As is clear from Table 1, the SMC obtained by using the resin composition according to the present invention can obtain a molded product without voids and blisters without degassing at the time of molding like the conventional SMC. It was also confirmed that the molding shrinkage ratio was small. In addition, Example 1 shows that these effects can be achieved only based on a combination of a liquid resol type phenol resin produced using triethylamine as a catalyst and triacetin (aliphatic carboxylic acid ester).
And Comparative Example 2 were confirmed. In addition, S of the present invention
It was also confirmed that MC had an odor at the time of molding, which was as weak as conventional SMC.

[0034]

According to the resin composition for a composite material according to the present invention, it is possible to provide a good molded product which does not cause voids or swelling even without degassing as in the prior art.
Further, it is possible to provide a molded product having a molding shrinkage smaller than that of the prior art.
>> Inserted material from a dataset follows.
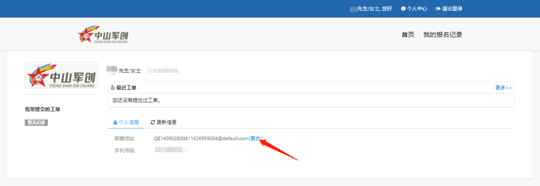圖4 03 登錄信息 注冊(cè)成功后自動(dòng)跳轉(zhuǎn)至登錄界面,填寫(xiě)相應(yīng)信息后登錄賬號(hào),進(jìn)入個(gè)人中心首頁(yè),將系統(tǒng)默認(rèn)郵箱更改為個(gè)人常用郵箱,方便大賽執(zhí)委會(huì)通知發(fā)送。如圖5-6所示:

Further, various effects such as the odor at the time of molding being reduced to a level not inferior to the prior art are exhibited. Also,
The molding material obtained by using the composition of the present invention having such an effect, particularly the molding material, can contribute to the improvement of productivity by simplifying the molding operation without contaminating the working environment, and can further reduce the molding shrinkage. Because we can provide small molded products,
It is useful in the molding field where strict dimensional accuracy is required, and its industrial value is extremely high.

Continuation of the front page (51) Int.Cl. ⁷ identification code FI C08K 7/02 C08K 7/02 (56) References JP-A-50-84690 (JP, A) JP-A-49-16793 (JP, A) JP-A-4-249543 (JP, A) JP-A-4-320442 (JP, A) JP-A-7-138450 (JP, A) JP-A-7-178507 (JP, A) JP-A-5-23788 (JP, A) JP-A-6-179040 (JP, A) JP-A-61-168574 (JP, A) JP-A-58-154433 (JP, A) JP-A-57-186 (JP, A) JP-A-6-239948 (JP, A) JP-A-53-94565 (JP, A) Holzforschung, 48 [2] (1994), p. 150-156J. Appl. Polym. Sc i. , 49 [12] (1993), p. 2157− 2170 (58) Fields investigated (Int.Cl. ⁷ , DB name) C08L 61/04-61/16 C08G 8/00-8/38 C08J 5/04-5/10 C08J 5/24 B29B 11 / 16 B29B 15/08-15/14 CA (STN) REGISTRY (STN)

Claims (4)

(57) [Claims] 1. A liquid resol-type phenol resin produced using a tertiary amine as a catalyst , triacetin and / or
A resin composition for a composite material comprising ethylene glycol diacetate . 2. The resin composition according to claim 1, wherein the tertiary amine is triethylamine. 3. A molding material comprising the resin composition according to claim 1 or 2 and fibers. 4. A molding material comprising the resin composition according to claim 1 or 2 , a fiber, a filler and a thickener.